Rookie Review: Titus Young, Lions
He’s been featured in this forum before, but Young’s starting to find his niche in the Detroit passing game, racking up nine catches in the last two games for 109 yards and two excursions to the end zone. Serving as Matthew Stafford’s security blanket, Young is worth a look in deeper leagues as a flex option against the Chargers. Definitely a long shot, yet Young does have four scores next to his name in the past seven weeks.

This Week in Kevin Walter
Due to some health issues, I was sidelined for last week’s article, pilfering my pulpit to preach K-Walt’s preeminence in Week 14 against Cincinnati. Heading into the contest, a Houston win would have triggered the team’s first playoff berth in franchise history. Fitting, then, that the Pride of Ypsilanti hauled in the game-winning grab with just seconds to go, sending the Texans to the Promised Land. Walter finished with six receptions for 76 yards, and added another keepsake to his growing collection of “Wow, Kevin Walter is a bad mother$*#&@!” moments. It was also sweet justice for Walter, a former Bengal who was let go by the team after the 2006 season.
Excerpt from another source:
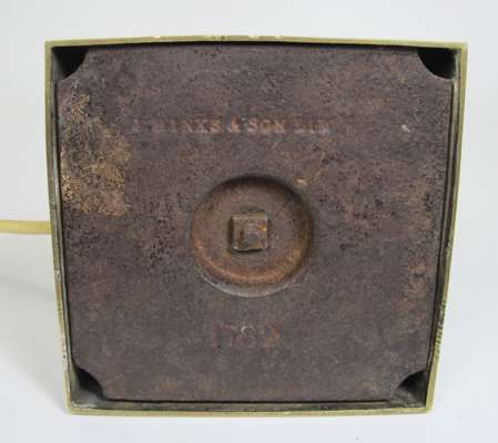 the redeed column with a Corithian capital, on a stepped square base, the cast iron to the base stamped 'J. Hinks & Son, 1782', converted to a lamp

The lesson, as always: don’t mess with K-Walt.
Walter’s 2011 Stats: 36 receptions, 427 yards, three touchdowns.
Walter’s Cornerback Body Count: 11.

Gatorade Shower Goes to: Drew Brees, Saints
Somewhat silenced by the Aaron Rodgers/Tim Tebow/Tom Brady hysteria, Brees reminded everyone that big things were going down in the Big Easy (ok, it happened in Minnesota, but that doesn’t have the same ring to it) with five touchdowns and 400 yards in a win against the Vikings. What else is there to say? The cat can ball.

Personal Foul on: Indianapolis Colts
You fools! Don’t you realize what you’ve done?!?! You’re a loss away from jeopardizing Andrew Luck!